“Are we there yet?” Ah, the familiar sound of a weary traveler.
Whether it’s the monotonous miles between two points, the unscheduled drama along the way or just the boring scenery, some journeys are longer than others. Maybe your tour of ministry is on one of those unenviable journeys right now. It’s easy to tell—every timem you look ahead,there’s bumpy road as far as the eye can see.
Job’s life was like that—a disastrous journey that seemed endless. Even when he asked for directions, all he got was road conditions. Job’s personal traveling consultant Eliphaz the Discourager didn’t have any better answers than Job. He lamented, “Man is born for trouble.” It was the naysayer’s way of saying, “You can’t get there from here!”
Abraham’s life was also a journey. Just after his wheels finally pulled out of the deep childless rut, he hit a mountain of potholes. For 25 years, he’d waited for the fulfillment of God’s promise…only to be told to sacrifice it.
Jesus probably had these journeys in mind when He said, “No one who puts his hand to the plow—and then looks back—is fit for service in the kingdom of God.” In other words, bumpy roads—fender-rattling, bone-jarring, coffee-spilling bumps—come with the territory.
Long, hard journeys appear to be part of life’s DNA; God’s creation points to it:
• The grey whale navigates 10,000 miles up and down the west coast each year at a speed comparable to a child on a bicycle…because it has to.
• Every year, the Arctic tern is required to relocate 22,000 miles away, roughly the circumference of the earth.
• Desert locusts have been known to cross oceans for a preprogrammed raid.
• The ever-so-slow leatherback turtle must travel 3,000 miles annually for its favorite meal: jellyfish a la carte.
• The monarch butterfly, which can’t even fly a straight line and is forever losing momentum to the gentlest breeze, is compelled to migrate 3,000 miles—a trek that takes five generations to complete.
Each of these abnormally long journeys are orchestrated by the same creative and sovereign God who appoints us to our journeys.

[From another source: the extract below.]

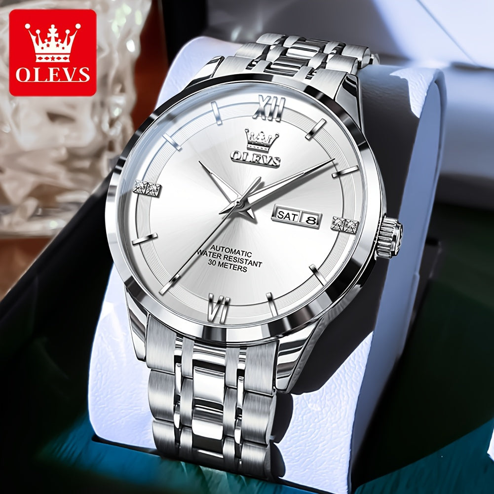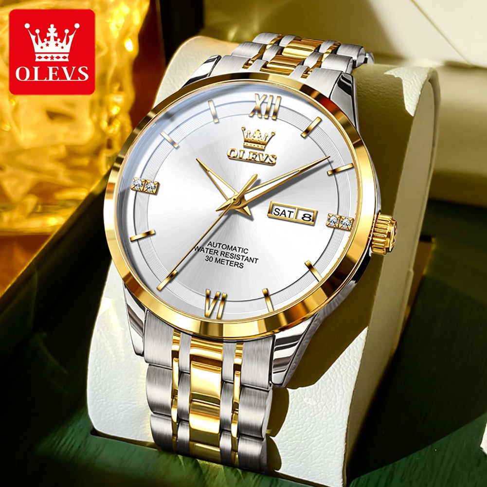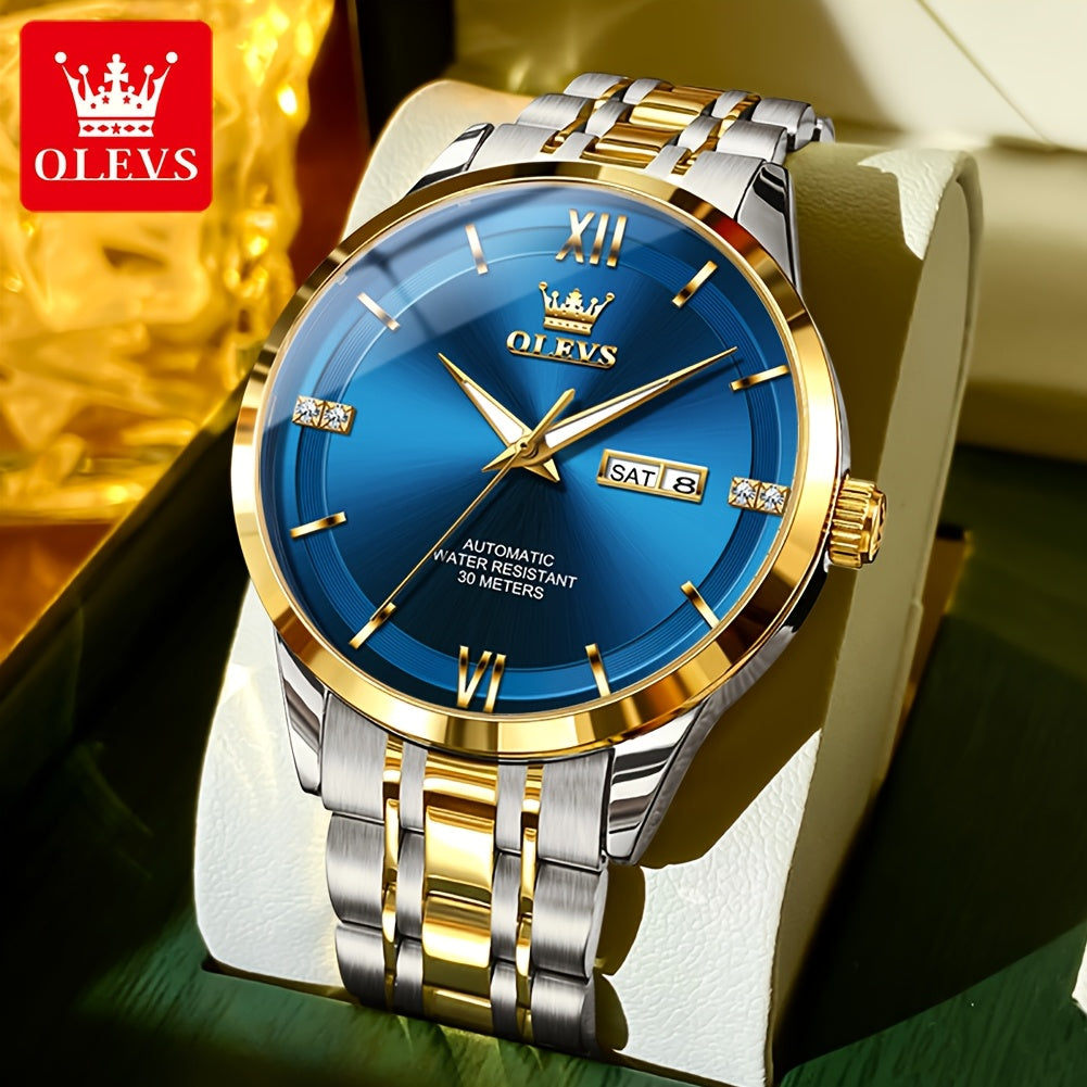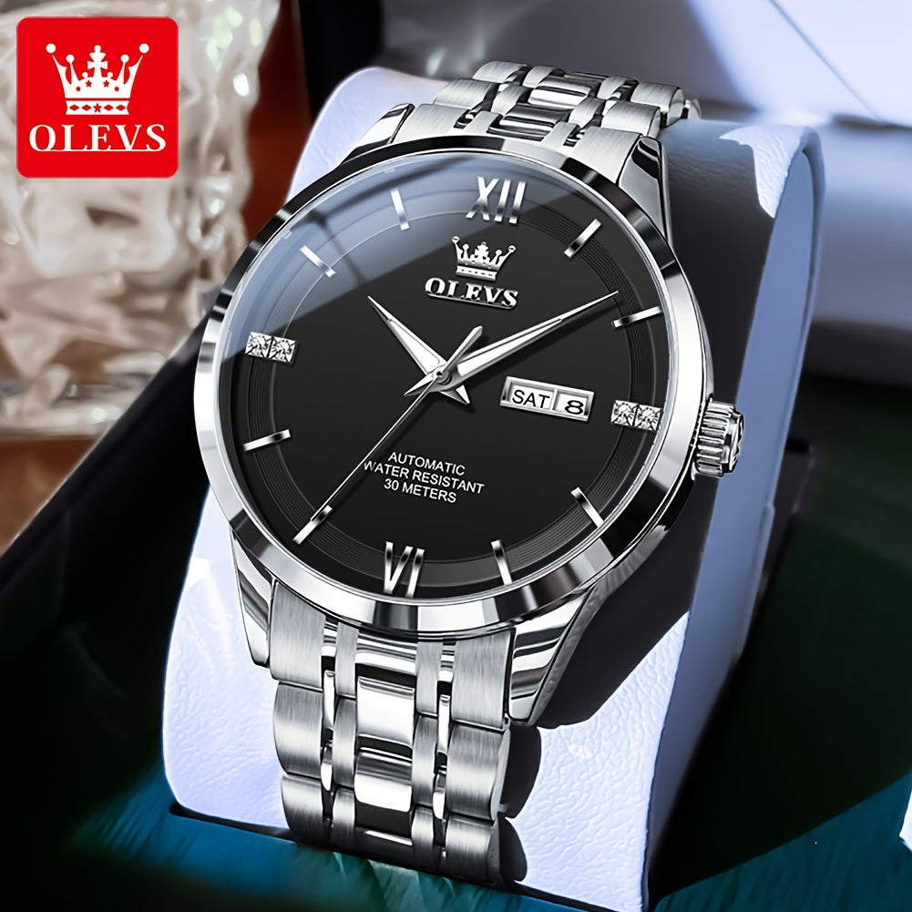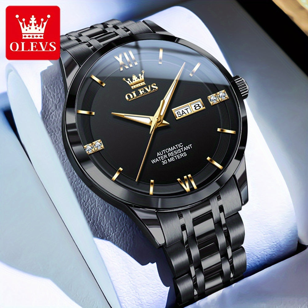OLEVS Men's Automatic Mechanical Watch with Luminous Black Dial, Golden Accents, Date & Day Display, Stainless Steel Business Casual Dress Watch for Formal & Casual Attire, Professional Wristwatch, Stylish Wristwatch, Highquality Watch, Luxury Wristwatch,

I’m always impressed by fellow travelers who’ve “fought the good fight: and “finished the course,” who didn’t “grow weary in well doing,” who “[ran] with endurance the race set before [them],” although their journeys were long and often very lonely.
Men Such As:
Charles Simeon: For 54 years, he pastored Holy Trinity Church at Cambridge University. During the journey, he endured isolation and slander by the faculty, boycotts by church members, church wardens who intentionally locked him out on Sundays, students who shouted obscenities during service and threw rotten eggs as he left chapel—all because of his faithful and biblical teaching in a secular culture.
Andrew Murray: At age 21, Murray began a 68-year pastorate that served 50,000 square miles of dangerous terrain. With his passion for Christ and love of the African people, launched evangelistic tours, church plants and Bible schools. Because of his dep involvement in tribal education, his was one of few voices who bitterly opposed the growing apartheid movement and its contemporary label of Christian.
Dietrich Bonhoeffer: While millions were slaughtered under the Nazi regime, the German church leaders remained silent, fearful that speaking out might “cause the reputation of the church to suffer.” Bonhoeffer fought back by telling his fellow clergy, “Stop trying to save Hitler and start saving yourselves from this great sin.” Openly he preached, “Christians can have nly one Fuehrer, and His name is Jesus Christ.” Bonhoeffer’s lonely and difficult journey startled and energized a silent world.
Paul was very familiar with these long, rough roads. In fact, he visited them often; but rather than hating them, he looked for Christ while traveling on them. The note on his memo pad read, “That I may know Him…and the fellowship of His sufferings, being conformed to His death.”
Be encouraged because rough roads lead to places you’ll be glad you visited. Don’t give up. Don’t quit. “Don’t get discouraged, for we will reap a harvest of blessing at the appropriate time.”